What is needed >>
When the listing below reaches the line that has "Westfield Feather White", start reproducing exactly; stop after the line that has "The air conditioning", and drop the pictures.

Extracted data >>
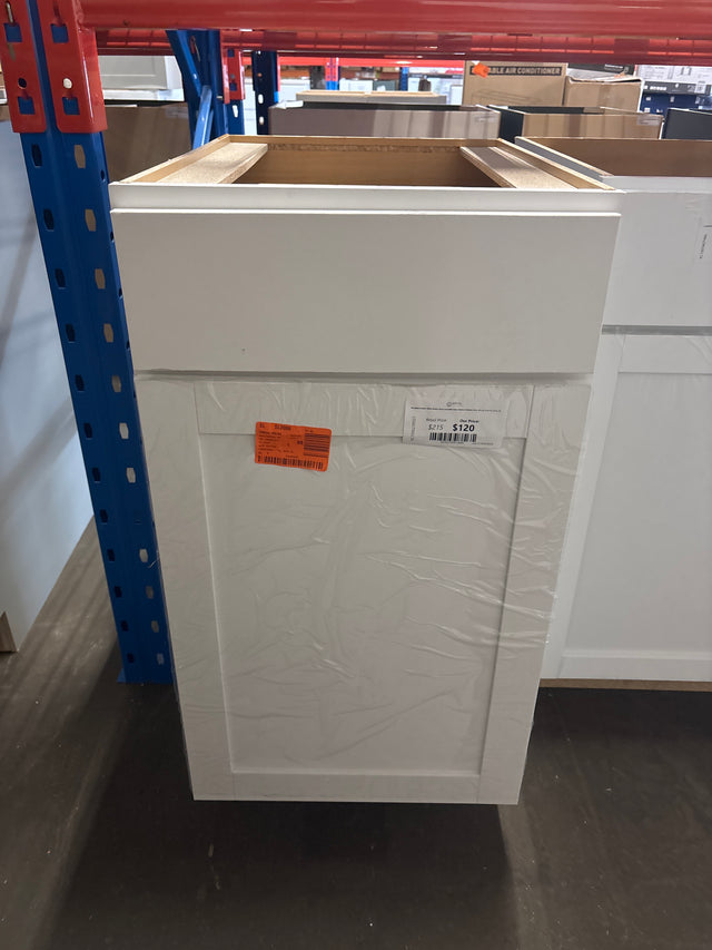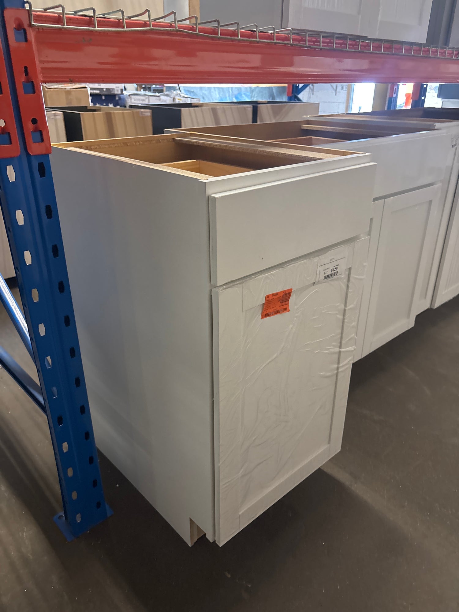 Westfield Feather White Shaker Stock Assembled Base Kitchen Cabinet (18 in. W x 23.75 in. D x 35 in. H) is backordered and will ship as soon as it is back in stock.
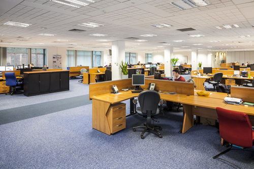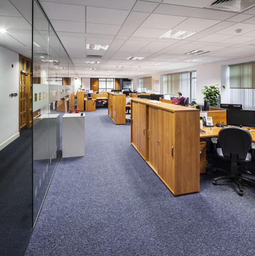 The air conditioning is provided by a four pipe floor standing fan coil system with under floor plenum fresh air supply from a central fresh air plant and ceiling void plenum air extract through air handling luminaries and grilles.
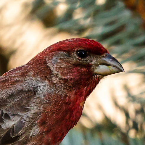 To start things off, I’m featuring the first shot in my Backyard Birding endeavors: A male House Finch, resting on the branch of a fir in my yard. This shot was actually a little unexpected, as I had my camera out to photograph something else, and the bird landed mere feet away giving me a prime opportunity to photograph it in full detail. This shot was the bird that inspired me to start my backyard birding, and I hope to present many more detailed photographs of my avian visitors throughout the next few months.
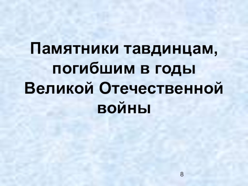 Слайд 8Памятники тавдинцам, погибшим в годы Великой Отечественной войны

==

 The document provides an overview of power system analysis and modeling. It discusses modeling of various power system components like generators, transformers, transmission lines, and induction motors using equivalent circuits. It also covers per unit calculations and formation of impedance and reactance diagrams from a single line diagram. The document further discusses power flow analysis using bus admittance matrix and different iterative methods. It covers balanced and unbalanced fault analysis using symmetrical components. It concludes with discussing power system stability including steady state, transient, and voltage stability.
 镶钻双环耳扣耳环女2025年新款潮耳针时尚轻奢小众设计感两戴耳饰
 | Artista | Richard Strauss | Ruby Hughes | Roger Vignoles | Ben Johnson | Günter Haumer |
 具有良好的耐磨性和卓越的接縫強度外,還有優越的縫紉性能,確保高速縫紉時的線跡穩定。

Output for this task >>
 Westfield Feather White Shaker Stock Assembled Base Kitchen Cabinet (18 in. W x 23.75 in. D x 35 in. H) is backordered and will ship as soon as it is back in stock.
 The air conditioning is provided by a four pipe floor standing fan coil system with under floor plenum fresh air supply from a central fresh air plant and ceiling void plenum air extract through air handling luminaries and grilles.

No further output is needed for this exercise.